Integrating multiple sources of ordinal information in portfolio optimization
Eranda \c{C}ela, Stephan Hafner, Roland Mestel, Ulrich Pferschy

TL;DR
This paper explores two methods for integrating qualitative ordinal views into portfolio optimization, comparing robust optimization and social choice-based order aggregation, with empirical results favoring social choice methods.
Contribution
It introduces a novel combination of Black-Litterman with social choice theory for portfolio optimization and compares it to robust optimization approaches.
Findings
Social choice methods outperform robust optimization in empirical tests.
Aggregating ordinal information improves portfolio performance.

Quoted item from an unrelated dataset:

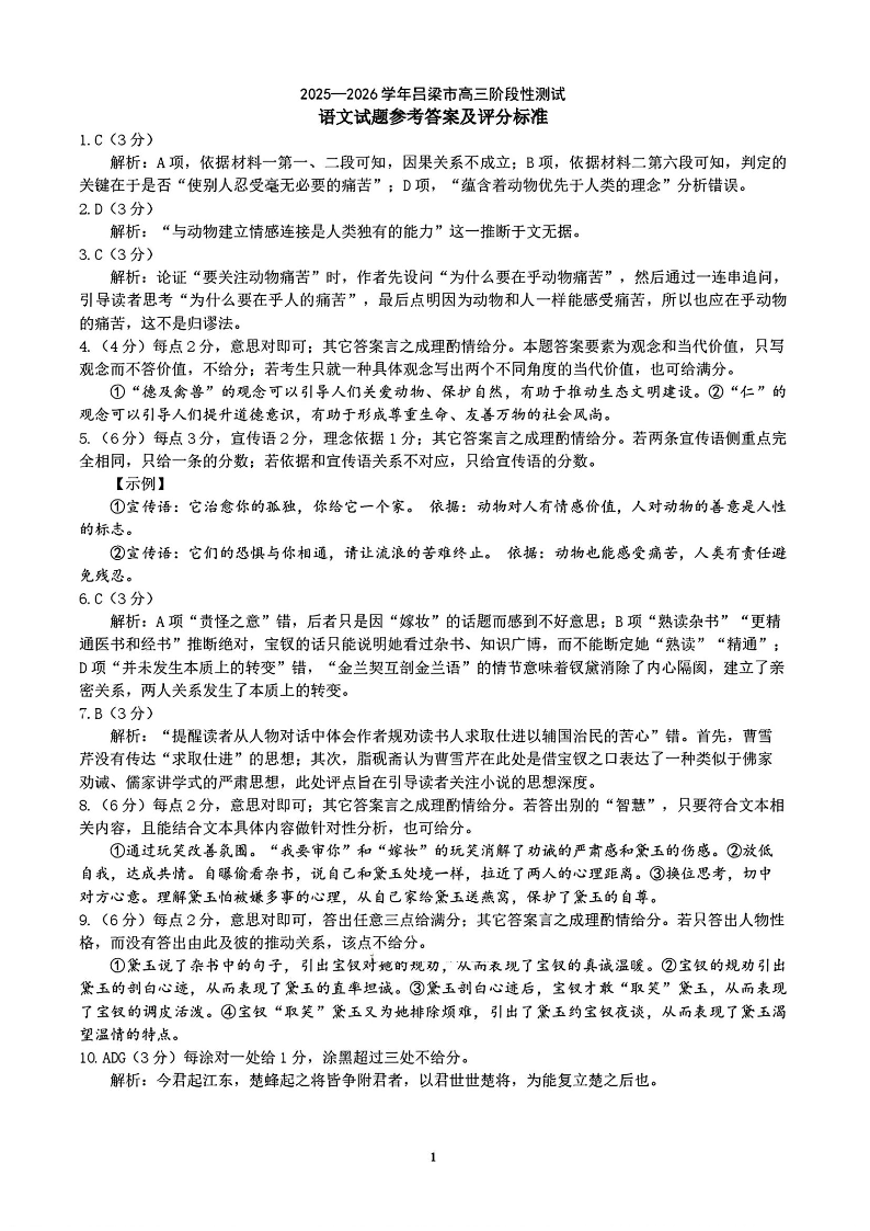 2025-2026学年吕梁市高三阶段性测试 语文答案.pdf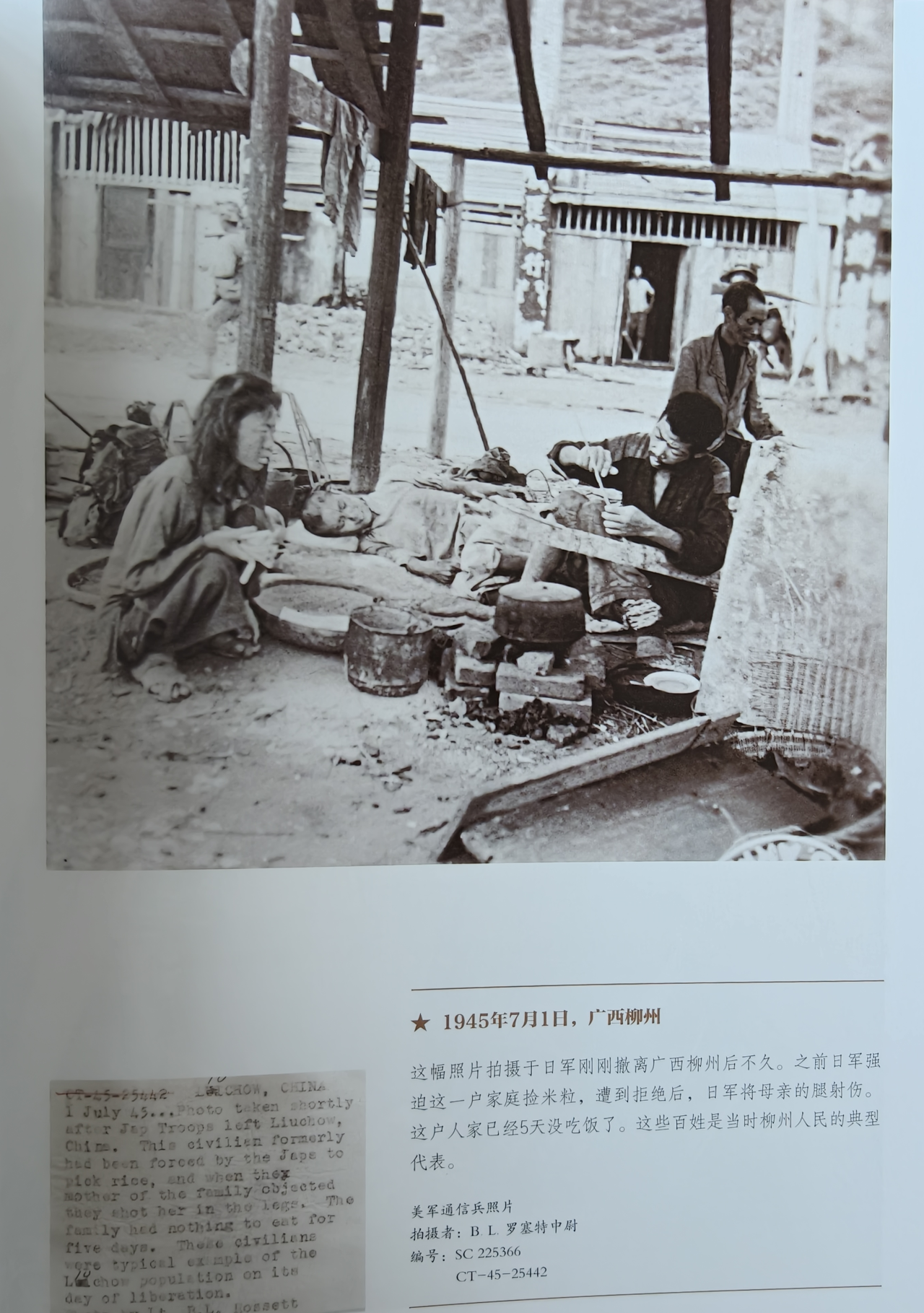 这幅照片拍摄于日军刚刚撤离广西柳州后不久。之前日军强迫这一户家庭捡米粒(编者按:该书将原英文备注“pick rice”翻译为“捡米粒”,应译为“收割稻谷”),遭到拒绝后,日军将母亲的腿射伤。这户人家已经5天没吃饭了。这些百姓是当时柳州人民的典型代表。

The approach is validated on EUROSTOXX 50 and S&P 100 data.
Abstract
Active portfolio management tries to incorporate any source of meaningful information into the asset selection process. In this contribution we consider qualitative views specified as total orders of the expected asset returns and discuss two different approaches for incorporating this input in a mean-variance portfolio optimization model. In the robust optimization approach we first compute a posterior expectation of asset returns for every given total order by an extension of the Black-Litterman (BL) framework. Then these expected asset returns are considered as possible input scenarios for robust optimization variants of the mean-variance portfolio model (max-min robustness, min regret robustness and soft robustness). In the order aggregation approach rules from social choice theory (Borda, Footrule, Copeland, Best-of-k and MC4) are used to aggregate the total order in a single…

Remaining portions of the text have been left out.